***** AVAILABLE RECORDS

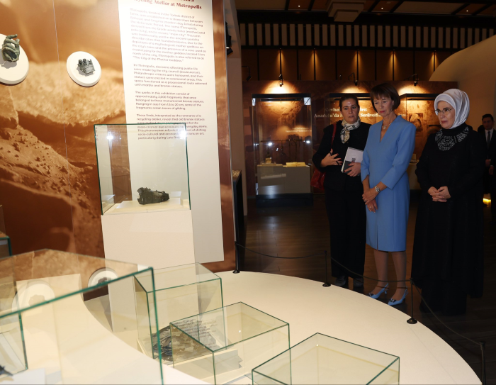 Lider eşleri daha sonra Cumhuriyet tarihinin en kapsamlı arkeoloji projesi 'Geleceğe Miras' kazılarıyla bulunan eserlerin yer aldığı 'Arkeolojinin Altın Çağı Sergisi'ni gezdi. Burdur'daki Boubon Antik Kenti'nde 1960'lı yıllarda yapılan kaçak kazılar sonucu yurt dışına çıkarılan ve 65 yıl aradan sonra Türkiye'ye getirilen, MS 2'nci ve 3'üncü yüzyıllara tarihlenen Roma İmparatoru Marcus Aurelius bronz heykelin de yer aldığı sergiyi ilgiyle gezen Emine Erdoğan ve Charlotte Merz, eserler hakkında bilgi aldı. Lider eşleri, kütüphane ziyaretinin ardından Devlet Konukevi'ne geçerek burada ikili görüşme gerçekleştirdi.
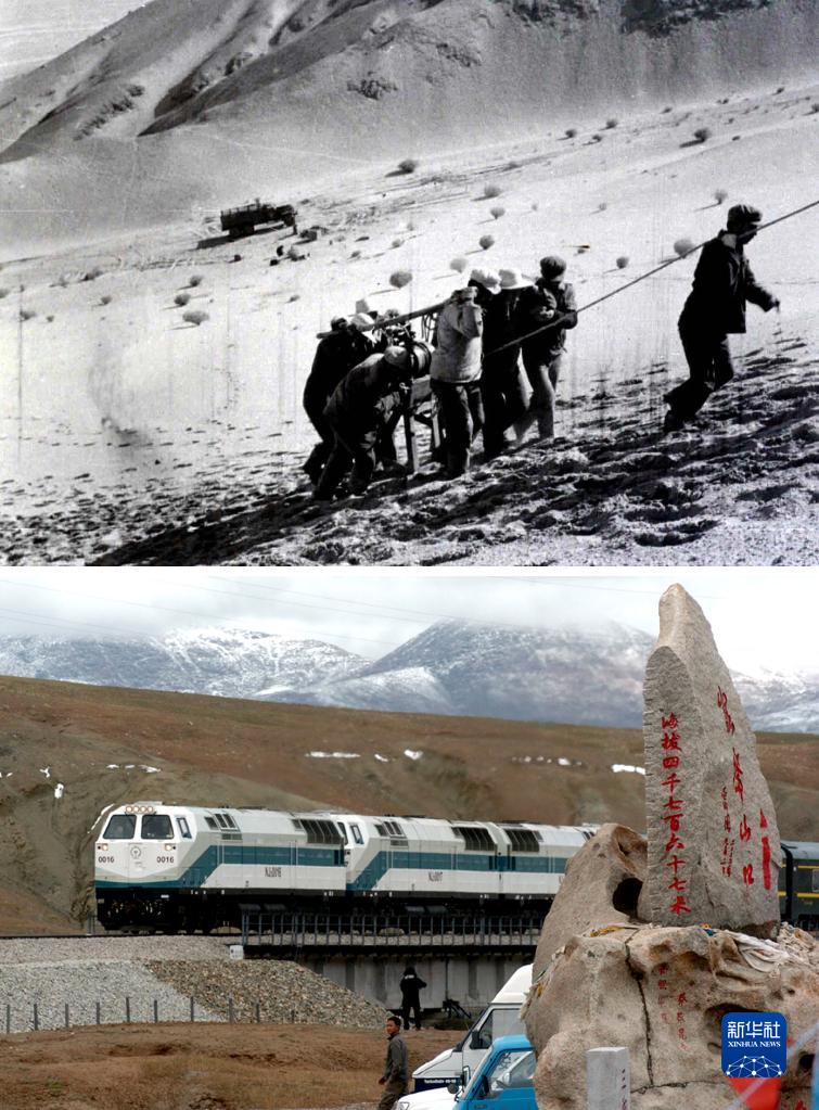 拼版照片:上圖為20世紀(jì)50年代拍攝的勘測(cè)青藏線的資料照片;下圖為2006年7月1日,青藏鐵路全線通車(chē)。這是從格爾木出發(fā)的“青1”次列車(chē)經(jīng)過(guò)海拔4767米的昆侖山口(新華社記者侯德強(qiáng)攝)。新華社發(fā)
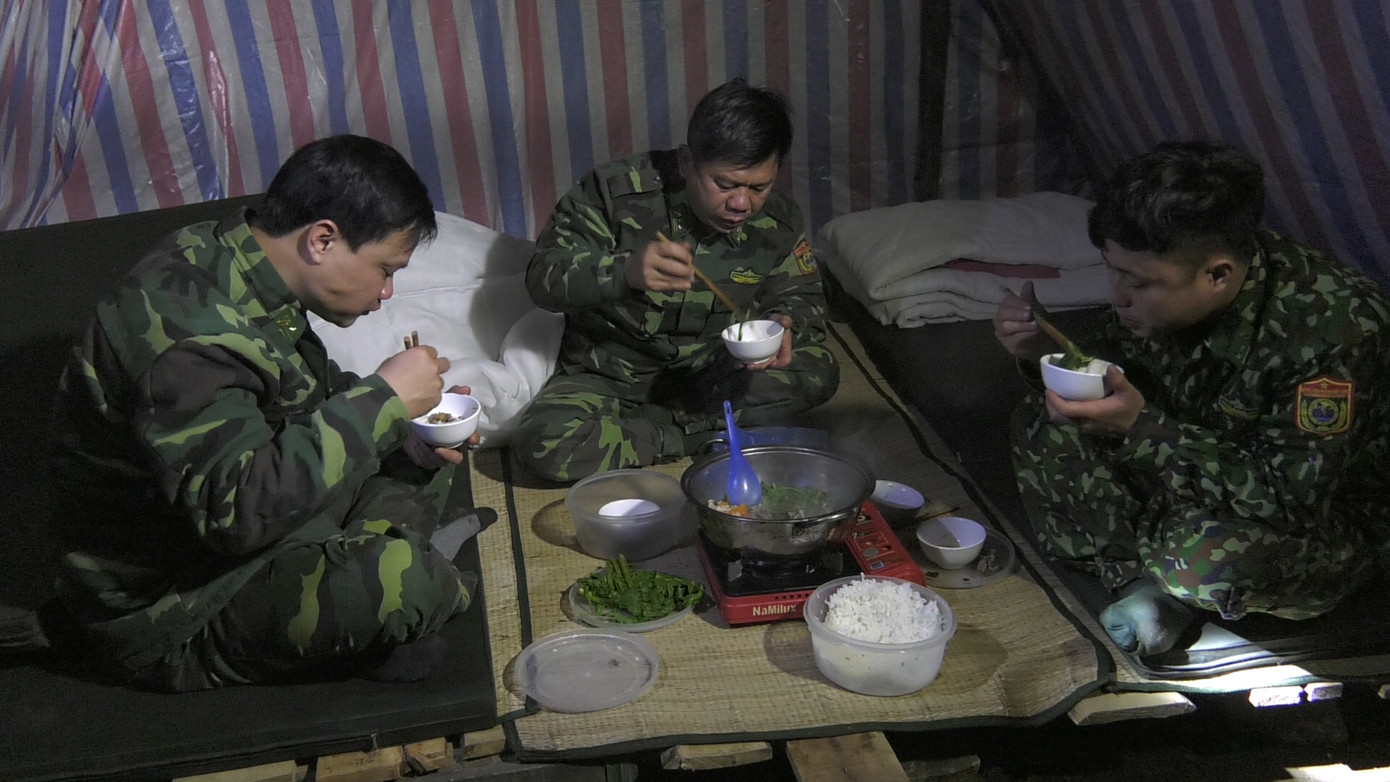 Bữa cơm đạm bạc của cán bộ Biên phòng đồn Pha Long tại chốt thuộc mốc 166.
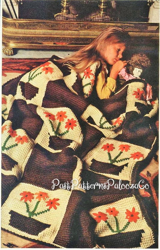 Vintage Crochet Pattern Girls Childs Flowerpot Squares Afghan PDF Instant Digital Download Retro Flower Pot Twin Bed Blanket Tunisian 10 Ply
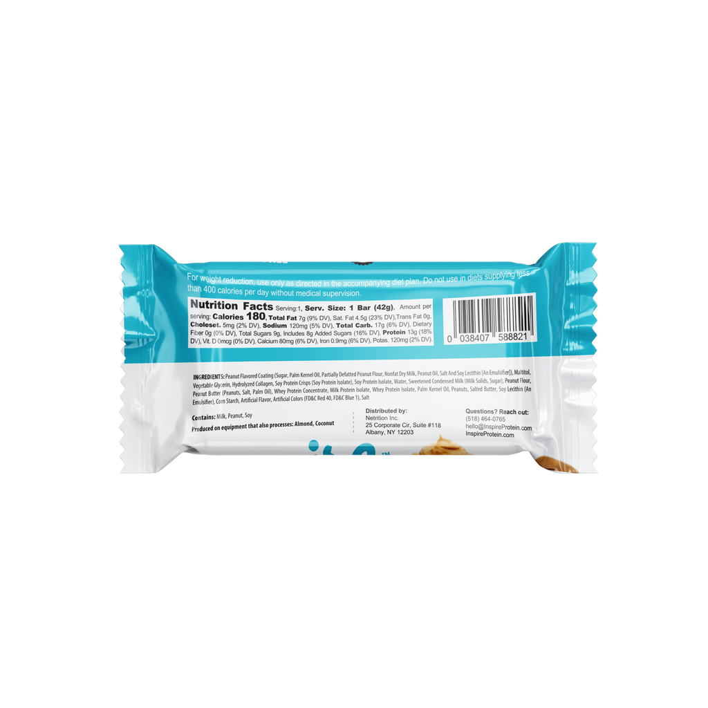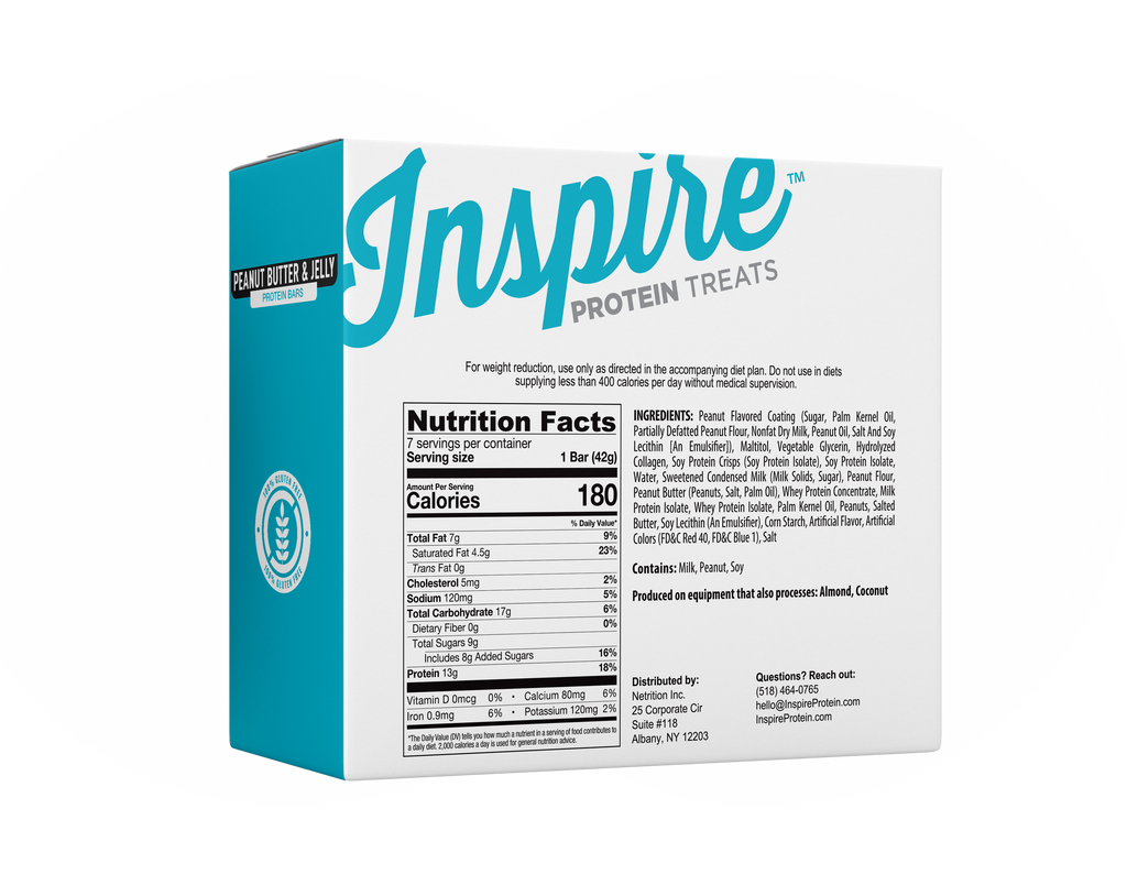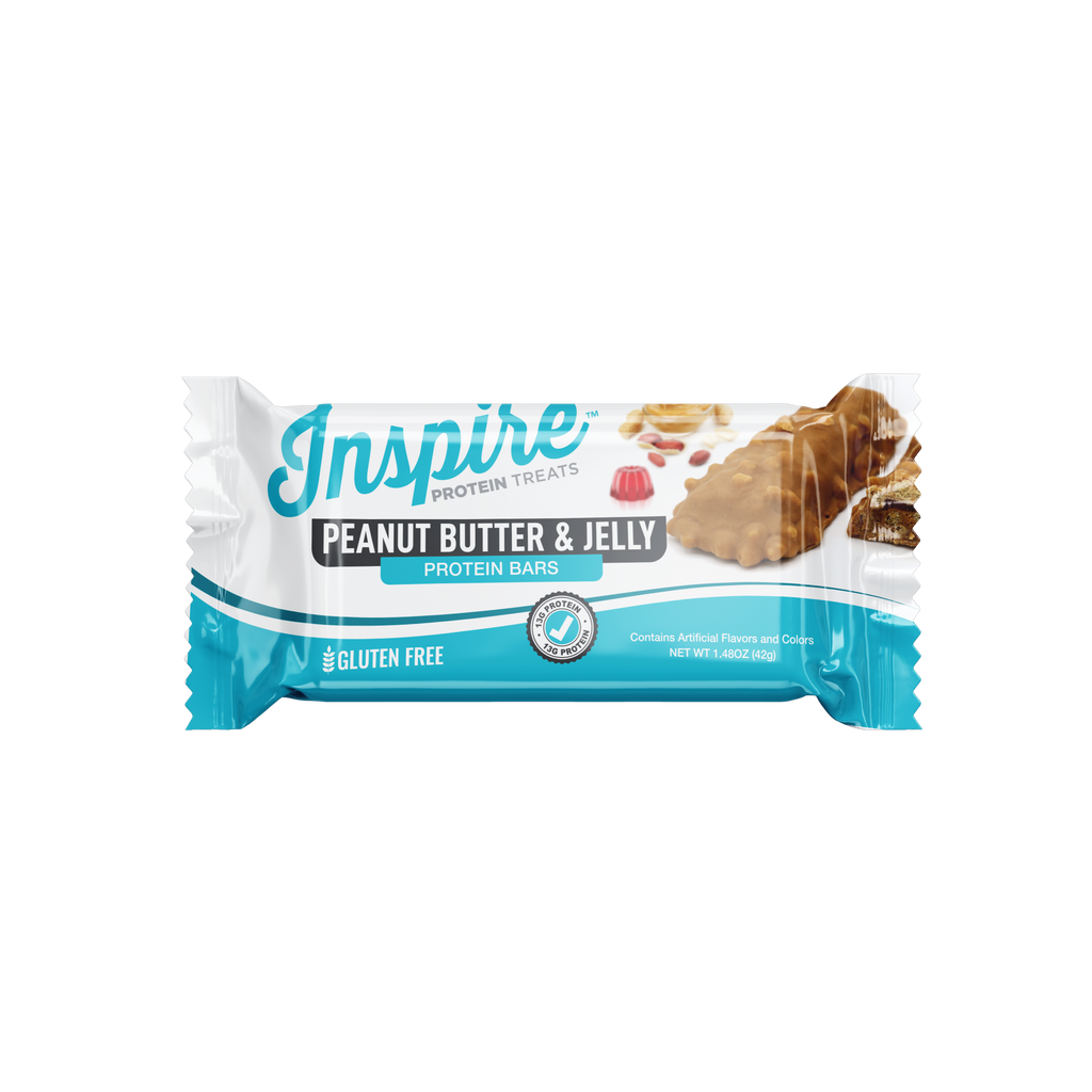 Inspire Peanut Butter and Jelly Protein Bars deliver 13 grams of high-quality protein and only 180 calories. Sweet, satisfying, and ready whenever you need it.

**********

#### WORK TO BE COMPLETED
Please write out exactly, and only, the lines from the beginning of the entries through the line containing "Vintage Crochet Pattern", including both and skipping all pictures.

#### SOLUTION FOR THIS TASK
 Lider eşleri daha sonra Cumhuriyet tarihinin en kapsamlı arkeoloji projesi 'Geleceğe Miras' kazılarıyla bulunan eserlerin yer aldığı 'Arkeolojinin Altın Çağı Sergisi'ni gezdi. Burdur'daki Boubon Antik Kenti'nde 1960'lı yıllarda yapılan kaçak kazılar sonucu yurt dışına çıkarılan ve 65 yıl aradan sonra Türkiye'ye getirilen, MS 2'nci ve 3'üncü yüzyıllara tarihlenen Roma İmparatoru Marcus Aurelius bronz heykelin de yer aldığı sergiyi ilgiyle gezen Emine Erdoğan ve Charlotte Merz, eserler hakkında bilgi aldı. Lider eşleri, kütüphane ziyaretinin ardından Devlet Konukevi'ne geçerek burada ikili görüşme gerçekleştirdi.
 拼版照片:上圖為20世紀(jì)50年代拍攝的勘測(cè)青藏線的資料照片;下圖為2006年7月1日,青藏鐵路全線通車(chē)。這是從格爾木出發(fā)的“青1”次列車(chē)經(jīng)過(guò)海拔4767米的昆侖山口(新華社記者侯德強(qiáng)攝)。新華社發(fā)
 Bữa cơm đạm bạc của cán bộ Biên phòng đồn Pha Long tại chốt thuộc mốc 166.
 Vintage Crochet Pattern Girls Childs Flowerpot Squares Afghan PDF Instant Digital Download Retro Flower Pot Twin Bed Blanket Tunisian 10 Ply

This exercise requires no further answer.